Beyond Democracy? Reflections on Democracy

Reflections from Boris van Meurs on our reading group session the 21th of April 2022 on Democratising sustainability transformations by Pickering et al. (2022).

Beyond democracy?

Is democracy flexible enough to make the transformations required to keep Earth habitable? Although desperate reveries of eco-authoritarian solutions are – shamefully – becoming more common, Susan de Koning introduced, in our session on 25 April, a thoroughly researched paper by Pickering et al. (2022), that concludes, with some reservations that, yes, democracy might still be able to muster up the energy to make the transition. But the paper also admits that the democratic potential is not lived up to yet – which lead us to some questions that taint the democratic optimism of Pickering et al.

Democracy promises us that we – as a political body – can save ourselves from the mess made on Earth. The paper we discussed strengthens this presupposition by turning democracy into its object of study, under the assumption that more knowledge will help us to improve the democratic regime. In the ideal world, democracy creates the conditions for a political pedagogy that, in an endless iterative loop running from research to practice, allows us to be both teachers and pupils of the good life at the same time. Dialogue would play a key role in this process. In our discussion, we raised three questions against this ideal.

“In the ideal world, democracy creates the conditions for a political pedagogy that, in an endless iterative loop running from research to practice, allows us to be both teachers and pupils of the good life at the same time. Dialogue would play a key role in this process […] what is left of the transformative potential of real dialogue?”

Where do we meet? Public life has largely become politically anesthetized, and there are very few public spaces where citizens actively meet to discuss their vision on the good life.

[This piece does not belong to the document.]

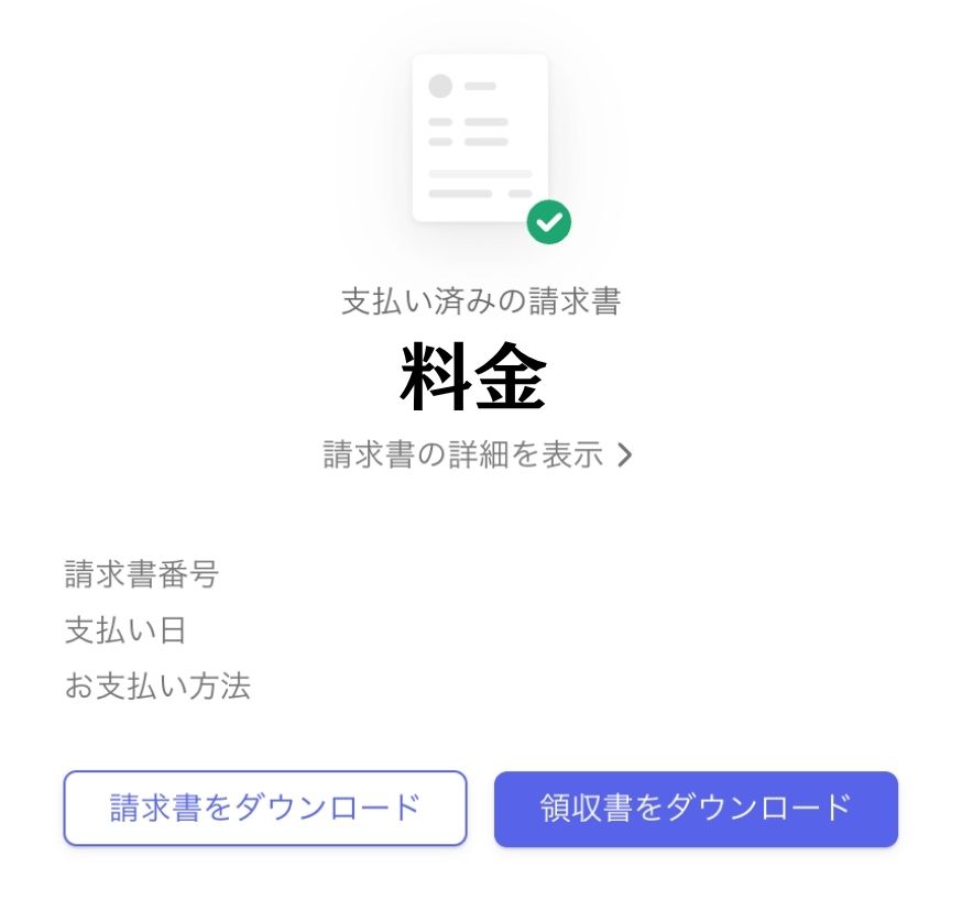 選んだ請求書の詳細ページを開くと、金額や支払い方法などの情報が表示され、その中に領収書、請求書のダウンロードボタンがあります。

What about power? As Pascal already saw, justice is nothing without force – and more needs to be in place than merely having the right ideas.

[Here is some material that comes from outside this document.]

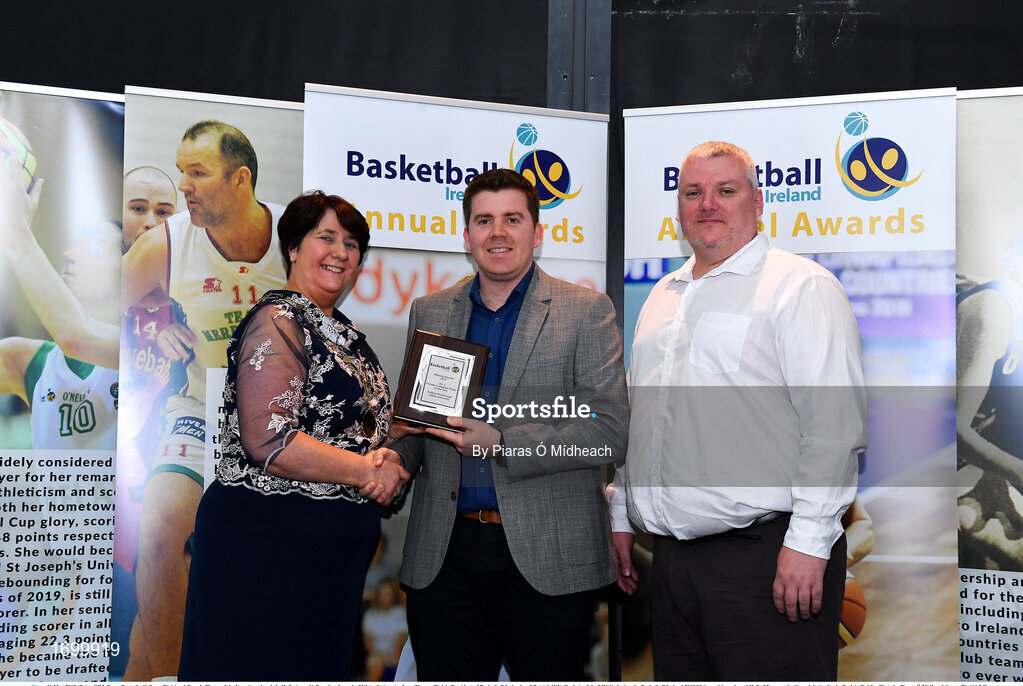 11 May 2019; Brian O'Malley collects the Colleges Division 1 Female Player of the Year Award on behalf of winner Kollyns Scarbrough of Ulster University from Theresa Walsh, President of Basketball Ireland and Patrick O’Neill, chair of the NBCC, during the Basketball Ireland 2018/19 Annual Awards and Hall of Fame at the Cusack Suite, Croke Park in Dublin. Photo by Piaras Ó Mídheach/Sportsfile

Where do we start? Although democracy is closely related to an ideal of a rational humanity, people’s values are also shaped by their economic and physical conditions, which might never be overcome by dialogue.

Democracy has this tendency to slide into technocracy, where political problems (marked by an inherent unpredictability and the possibility of rupture) are absorbed by many policy makers and research committees. If that is what happens, what is left of the transformative potential of real dialogue – in which two persons discover a truth that neither possessed before their coming-together?